Stored records:
========
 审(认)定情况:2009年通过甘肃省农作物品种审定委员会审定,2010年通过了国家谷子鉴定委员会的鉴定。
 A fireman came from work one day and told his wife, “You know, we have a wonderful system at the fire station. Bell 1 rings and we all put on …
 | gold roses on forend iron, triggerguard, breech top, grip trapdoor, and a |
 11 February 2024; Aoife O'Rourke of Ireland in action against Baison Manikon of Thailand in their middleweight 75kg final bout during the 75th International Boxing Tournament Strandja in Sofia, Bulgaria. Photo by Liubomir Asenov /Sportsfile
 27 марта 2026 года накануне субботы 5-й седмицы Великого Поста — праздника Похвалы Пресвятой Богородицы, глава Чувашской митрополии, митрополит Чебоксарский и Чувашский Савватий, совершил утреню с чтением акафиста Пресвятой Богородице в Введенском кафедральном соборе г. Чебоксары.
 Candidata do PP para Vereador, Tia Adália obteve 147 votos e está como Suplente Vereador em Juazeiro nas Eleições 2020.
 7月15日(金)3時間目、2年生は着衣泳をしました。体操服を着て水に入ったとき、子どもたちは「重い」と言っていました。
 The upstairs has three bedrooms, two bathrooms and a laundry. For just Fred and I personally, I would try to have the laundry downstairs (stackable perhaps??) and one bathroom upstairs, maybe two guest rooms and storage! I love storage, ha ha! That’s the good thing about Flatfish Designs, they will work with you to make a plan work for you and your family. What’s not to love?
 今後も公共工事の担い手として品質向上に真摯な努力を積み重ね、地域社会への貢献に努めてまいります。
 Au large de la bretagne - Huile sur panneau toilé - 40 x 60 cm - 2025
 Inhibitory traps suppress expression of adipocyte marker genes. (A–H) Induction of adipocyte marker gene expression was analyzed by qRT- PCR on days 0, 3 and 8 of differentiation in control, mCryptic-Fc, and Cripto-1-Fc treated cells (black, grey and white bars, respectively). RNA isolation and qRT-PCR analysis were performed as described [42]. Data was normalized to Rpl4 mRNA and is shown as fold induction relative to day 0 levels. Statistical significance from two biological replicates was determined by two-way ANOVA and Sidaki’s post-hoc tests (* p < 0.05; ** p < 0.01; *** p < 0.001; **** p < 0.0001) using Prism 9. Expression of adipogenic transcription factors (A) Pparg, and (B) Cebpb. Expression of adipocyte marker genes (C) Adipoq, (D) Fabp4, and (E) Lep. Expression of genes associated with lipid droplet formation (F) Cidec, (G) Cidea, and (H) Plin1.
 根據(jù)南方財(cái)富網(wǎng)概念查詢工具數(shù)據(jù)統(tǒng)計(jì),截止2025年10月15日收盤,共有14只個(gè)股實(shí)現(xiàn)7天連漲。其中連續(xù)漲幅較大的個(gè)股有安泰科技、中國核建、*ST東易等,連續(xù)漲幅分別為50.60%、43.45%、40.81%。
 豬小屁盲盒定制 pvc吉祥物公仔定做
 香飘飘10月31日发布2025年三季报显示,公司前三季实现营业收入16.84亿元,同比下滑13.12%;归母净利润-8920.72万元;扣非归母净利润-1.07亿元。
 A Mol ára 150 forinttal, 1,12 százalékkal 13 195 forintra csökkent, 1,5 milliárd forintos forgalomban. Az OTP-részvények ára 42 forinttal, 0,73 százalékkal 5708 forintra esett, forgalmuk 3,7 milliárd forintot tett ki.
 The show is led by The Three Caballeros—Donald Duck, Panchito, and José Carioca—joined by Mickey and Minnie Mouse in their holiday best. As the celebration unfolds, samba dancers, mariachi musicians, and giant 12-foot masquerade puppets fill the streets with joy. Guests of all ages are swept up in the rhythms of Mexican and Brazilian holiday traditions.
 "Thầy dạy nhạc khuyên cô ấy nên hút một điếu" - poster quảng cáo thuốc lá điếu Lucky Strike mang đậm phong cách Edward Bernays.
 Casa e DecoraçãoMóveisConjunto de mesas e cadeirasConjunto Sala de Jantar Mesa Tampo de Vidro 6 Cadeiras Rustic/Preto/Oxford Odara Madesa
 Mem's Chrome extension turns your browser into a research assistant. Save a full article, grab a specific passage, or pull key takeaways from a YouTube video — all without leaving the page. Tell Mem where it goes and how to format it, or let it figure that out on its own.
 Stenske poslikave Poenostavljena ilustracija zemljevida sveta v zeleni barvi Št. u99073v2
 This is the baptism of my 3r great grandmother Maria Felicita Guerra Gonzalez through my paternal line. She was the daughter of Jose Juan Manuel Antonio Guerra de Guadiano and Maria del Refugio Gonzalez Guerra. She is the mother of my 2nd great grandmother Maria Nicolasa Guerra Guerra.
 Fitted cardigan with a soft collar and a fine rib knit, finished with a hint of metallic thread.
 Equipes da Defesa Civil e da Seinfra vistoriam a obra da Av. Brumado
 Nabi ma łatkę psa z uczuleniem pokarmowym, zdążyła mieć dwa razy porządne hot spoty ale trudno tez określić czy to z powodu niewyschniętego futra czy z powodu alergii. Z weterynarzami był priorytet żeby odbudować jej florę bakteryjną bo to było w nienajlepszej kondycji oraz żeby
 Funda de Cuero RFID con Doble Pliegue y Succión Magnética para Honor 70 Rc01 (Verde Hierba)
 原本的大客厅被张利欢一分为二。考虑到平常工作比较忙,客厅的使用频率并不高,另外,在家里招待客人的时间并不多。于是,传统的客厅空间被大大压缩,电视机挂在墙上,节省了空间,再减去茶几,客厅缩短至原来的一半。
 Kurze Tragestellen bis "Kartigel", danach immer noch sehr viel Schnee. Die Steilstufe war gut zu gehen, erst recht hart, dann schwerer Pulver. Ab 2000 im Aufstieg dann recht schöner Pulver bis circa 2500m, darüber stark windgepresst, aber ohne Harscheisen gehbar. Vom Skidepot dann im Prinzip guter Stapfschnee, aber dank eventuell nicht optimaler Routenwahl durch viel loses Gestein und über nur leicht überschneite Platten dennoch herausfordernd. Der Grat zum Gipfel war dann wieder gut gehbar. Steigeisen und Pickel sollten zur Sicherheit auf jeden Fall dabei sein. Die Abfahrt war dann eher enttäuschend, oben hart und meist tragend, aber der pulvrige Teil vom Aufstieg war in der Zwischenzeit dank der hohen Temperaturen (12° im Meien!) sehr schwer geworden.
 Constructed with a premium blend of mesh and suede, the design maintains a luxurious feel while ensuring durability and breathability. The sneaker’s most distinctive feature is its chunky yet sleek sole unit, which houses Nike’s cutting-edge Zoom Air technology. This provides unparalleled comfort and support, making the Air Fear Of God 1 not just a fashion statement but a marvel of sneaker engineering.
========
Starting at the line that has "原本的大客厅被张利欢一分为二" and ending at the line that has "Kurze Tragestellen bis", please write out the lines above exactly, leaving out all others.

 原本的大客厅被张利欢一分为二。考虑到平常工作比较忙,客厅的使用频率并不高,另外,在家里招待客人的时间并不多。于是,传统的客厅空间被大大压缩,电视机挂在墙上,节省了空间,再减去茶几,客厅缩短至原来的一半。
 Kurze Tragestellen bis "Kartigel", danach immer noch sehr viel Schnee. Die Steilstufe war gut zu gehen, erst recht hart, dann schwerer Pulver. Ab 2000 im Aufstieg dann recht schöner Pulver bis circa 2500m, darüber stark windgepresst, aber ohne Harscheisen gehbar. Vom Skidepot dann im Prinzip guter Stapfschnee, aber dank eventuell nicht optimaler Routenwahl durch viel loses Gestein und über nur leicht überschneite Platten dennoch herausfordernd. Der Grat zum Gipfel war dann wieder gut gehbar. Steigeisen und Pickel sollten zur Sicherheit auf jeden Fall dabei sein. Die Abfahrt war dann eher enttäuschend, oben hart und meist tragend, aber der pulvrige Teil vom Aufstieg war in der Zwischenzeit dank der hohen Temperaturen (12° im Meien!) sehr schwer geworden.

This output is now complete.